People know the healing powers of the landscape; earliest writings speak of seeking solace in the wilderness, and of finding reconciliation with crippling emotional conflicts in the unoccupied spaces. The development of gardens in the populated places has come to represent those same forces and energies. The strength of the wild world shows in the tiniest spaces, and we, as part of the living network find ourselves reanimated by our contacts with that world.

It is not for esthetic pleasure alone that we garden, we sense our relationship with the universal as we participate in the processes of the living. Planting and nurturing are medicine for the soul. Physical contact with other lives, fingers in the soil and hands on the branches, means so much to injured people that healing gardens are now integrated into most hospital facilities.

Wellness is not just the absence of symptoms, the millions of deeply injured people restlessly returning to their jobs and places who are searching for some method of clearing their way, may find some comfort in planting a garden. Medicine comes in all types of packaging, and most are derived from plants.

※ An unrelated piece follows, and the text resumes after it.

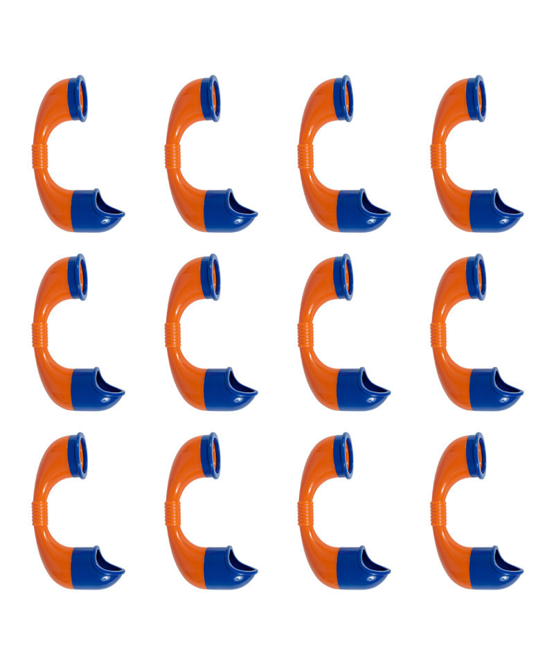 This set of 12 speak-and-listen phones allows children to practice speaking and reading with phonemic awareness. While speaking into one of these phones, the user's voice is directly funneled into his or her own ear. Use them in group speech lessons. Explore articulation, fluency, phonetic sounds and more. These phones can help to build confidence while reading and pronouncing words. They can also help children learn to speak at an appropriate volume. Made from durable plastic, these phones are designed to last for years of home or classroom use. And children will love the vibrant orange and blue colors. For ages 18m+. Size: 6.5"L x 4"W.

It may very well be that the living ones and our relationship to them can be one of the strongest therapies available.

We turn in times of troubles to the arts; to music and drama for insights, to painting and sculpture for concentration, and to dance for release. Song and symphony are integrated into most ceremonial acts of remembrance, they call for participation, and they open the wells of suppressed emotion. But for a real long-term affirmation of faith, or of the unforgettable, there is nothing like a garden.

Days, weeks, months and years later we walk the paths of remembrance, see the trees and flowers we planted in the depths of grief, and remember those lost. That grief is planted with the garden. We will always remember.